Women in the Church of Sweden have joined the #Metoo campaign under the hashtag #vardetljus ("Let there be light"). In total, 1,382 women, including Archbishop Antje Jackelén, have signed the petition acknowledging widespread harassment and abuse among priests and members of the congregation.
"We all see that enough is enough. The silence needs to be broken, the shame needs to be placed where it belongs. It's not ours to bear," the petition reads.
"I was subjected to abuse by a clergyman I sought spiritual care from. After a while, he began introducing all the more remarkable methods that implied that physical proximity would create a sense of security for me. It ended with his hands under my shirt," a woman wrote.
"I wish we could say that the church is free from such violations. But I also know that this is not the case," Jackelén said in a statement on the Church of Sweden website.
The #Metoo scandal has also affected the Swedish Royal Family, as a high-profile businessman and one of the Nordic-country's best-paid PR consultants hired to support Prince Daniel is now being investigated for sexual harassment and abuse.
Nevertheless, the man was recently invited to an official event at Haga Castle together with other members of the Swedish establishment. Incidentally, Crown Princess Victoria previously took a strong stance against sexual harassment by supporting the #Metoo campaign, the Aftonbladet tabloid daily reported.
Queen Silvia and Princess Victoria attended a night at a Stockholm theater in support of the #metoo movement fighting sexual harassment pic.twitter.com/WFZlMzR2f8
— Royal Highness (@vaninaswchindt) November 19, 2017
The Swedish Academy, which distributes the Nobel Prize in literature, also had its reputation tarnished by a sex scandal, involving a man of power described as its "nineteenth member." There have been allegations that the man exploited his position to harass, extort, threaten, persecute and rape young women with literary ambitions. Apparently, harassment has happened within the academy for decades, without anyone attempting to stop it.

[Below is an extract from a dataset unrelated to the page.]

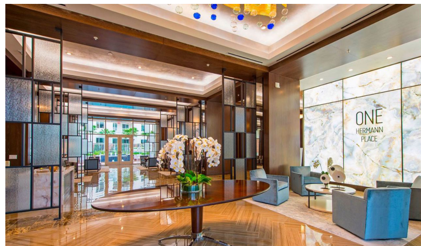
One Hermann Place, Houston, TX

Former Left leader Lars Ohly, who has been mentioned in the #Metoo campaign and is currently under police investigation, argued that the problem lies within the "patriarchal society," implying that all men bear a certain responsibility. According to Ohly, the "not all men" argument is a "worthless defense" in the debate. A better reaction would be to say "me too," Ohly argued in an opinion piece in Svenska Dagbladet.
Thousands of women across Scandinavia have in recent weeks released trade manifestos laden with personal stories to protest widespread harassment and sexual abuse. Joint calls have been published by hundreds of actresses, singers, lawyers, politicians, opera singers, IT technicians and athletes. Even former Norwegian Prime Minister Gro Harlem Brundtland admitted to having been sexually harassed in her youth, by a doctor who was ten years her senior.
#Brundtland: Small Scandinavian countries/peaceful democracies understand-multilateralism is the only way to peace. #MultilateralismMatters pic.twitter.com/7ZTqYK4SFT
— Intl Peace Institute (@ipinst) May 9, 2017
"The reason for this was that the exposed people received a lot of attention in the beginning. It sort of became the start shot," media researcher Marie Grusell of the University of Gothenburg told the Finnish daily Hufvudstadsbladet. "From that perspective, it opened doors that otherwise may have remained closed," she added.
Ninni Carlsson, a PhD of the University of Gothenburg, argued that in order to fully understand the spread of #Metoo in Scandinavia, you have to go 40 years back in time, as the public outcry is firmly rooted in the women's movement of the 70s.